# Need help keeping nice lady in a bathtub from crashing into the dining room below...



## music9704 (Nov 4, 2009)

The only other way I know other, than sister joist, is if you could beam under the joist and drop the ceiling. The problem with that is it's lot of work plus I like high ceilings. Also you may not be able to get positive bearing to floor. Trades will kill you if you don't have good ones.


----------



## Cjeff (Dec 14, 2009)

Not sure if it would work for you. You can run a strap/cable from the top at one end under the bottom and up to the top at the other end.
I'm thinking that would only work if the notches were near the middle of the span.


Seen a guy do it once with a garage addition. That way no posts were needed. He ran a cable on each side from the top, to a steel rod under the middle and then back to the top on the other end. Put turn buckles on both ends.


----------



## SAH (May 6, 2010)

Cjeff, the strap or cable would stretch to the point that the joist would just collapse. Really the only solution is to sister the joist with another one the same depth. We've gotten away with ripping 3/4 ply glued and screwed in some load conditions but being that there is a tub and most likely tiles, the weight is considerably more, so I would sister the entire length.

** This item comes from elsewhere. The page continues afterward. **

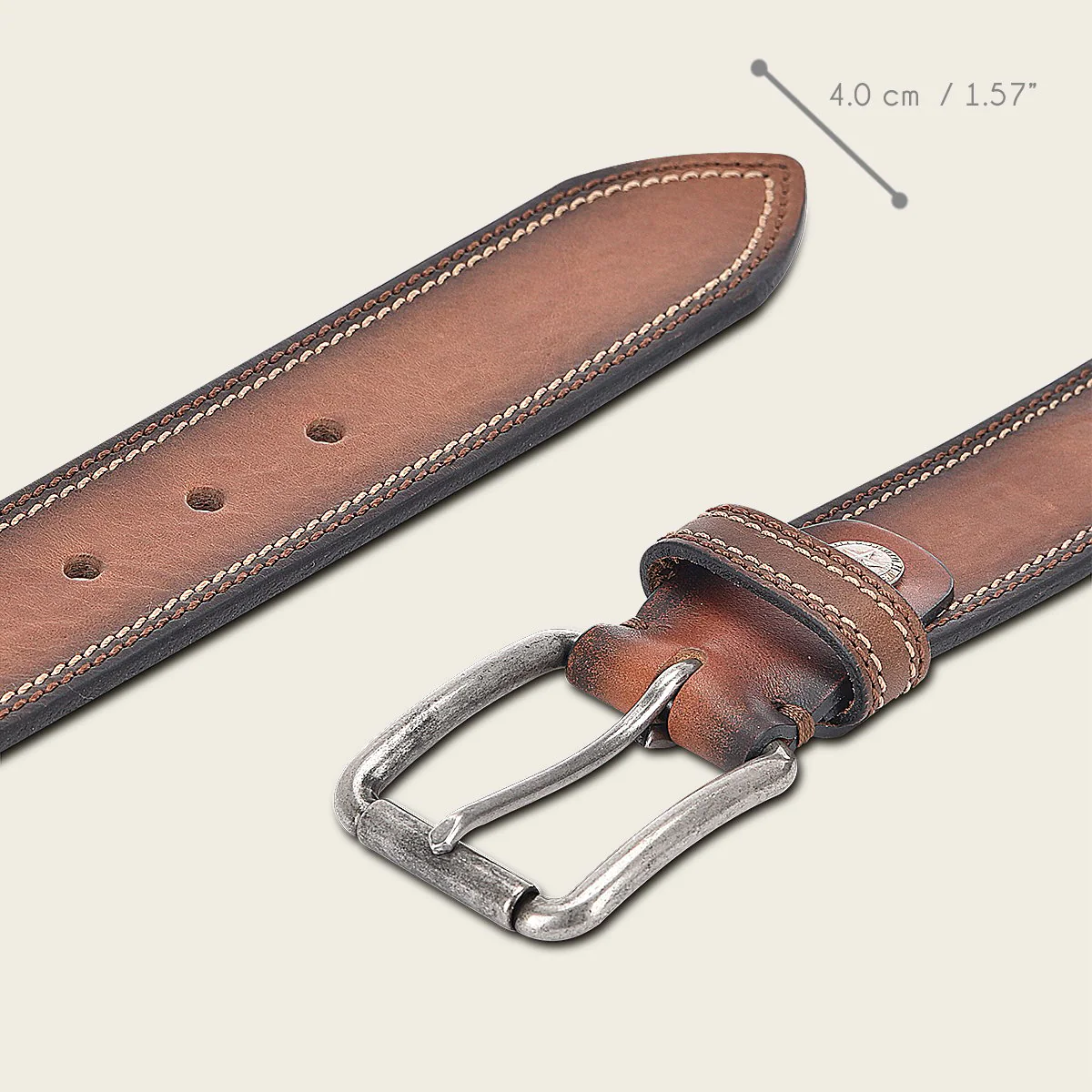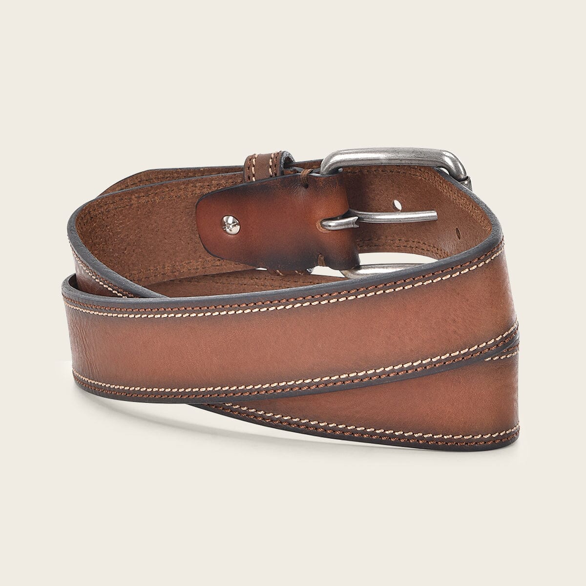 Cinturón casual para caballero en piel de bovino. Con sutil acabado sombreado y bordado en color contrastante en los bordes. Con hebilla metálica.

I still say building a bulkhead is most likely the best solution as you really do not want to run down an exterior wall.


----------



## Panzer5 (Oct 21, 2008)

Thanks to suggestions from the forum (KillerToiletSpider, kevjob, et.al.), I'm going to propose a tray ceiling to the client. That would allow me to repair the damaged joists by sistering them (glued & screwed), then drop the plumbing below the level of the floor joists & hide behind the lowered portion of the ceiling. 

By doing a tray ceiling I think we add visual appeal that allows me to meet code and looks like a deliberate design feature; and one that doesn't detract from the benefit of having a high-ceilinged dining room.

My initial idea of dropping the drain down an outside wall & insulating the heck out of the cavity won't work anyway. The drain centers between joists which terminate at the wall above a large window. 

Gonna see if I can turn this pile of manure into a rose garden. Just hope the client is willing to pay for the additional improvements. (I'm not charging her anything for my time to repair the mess.)


----------



## SAH (May 6, 2010)

Tray ceiling is an excellent idea, hides it but gives the room more appeal.


----------



## Cjeff (Dec 14, 2009)

Lemonade from lemons


----------



## MarcD (Sep 18, 2009)

Wow that is ugly looking, Why not go right down the wall ?? 

Is that plywood over the concrete floor also ?

I would redo the plumbing down wall to the right of the trap, tear out the rest of that portion of dining room ceiling and sister the whole span of joists. also add some more studs in the dining room wall to help with the sisters.

That plumber just created a future problem for her.


----------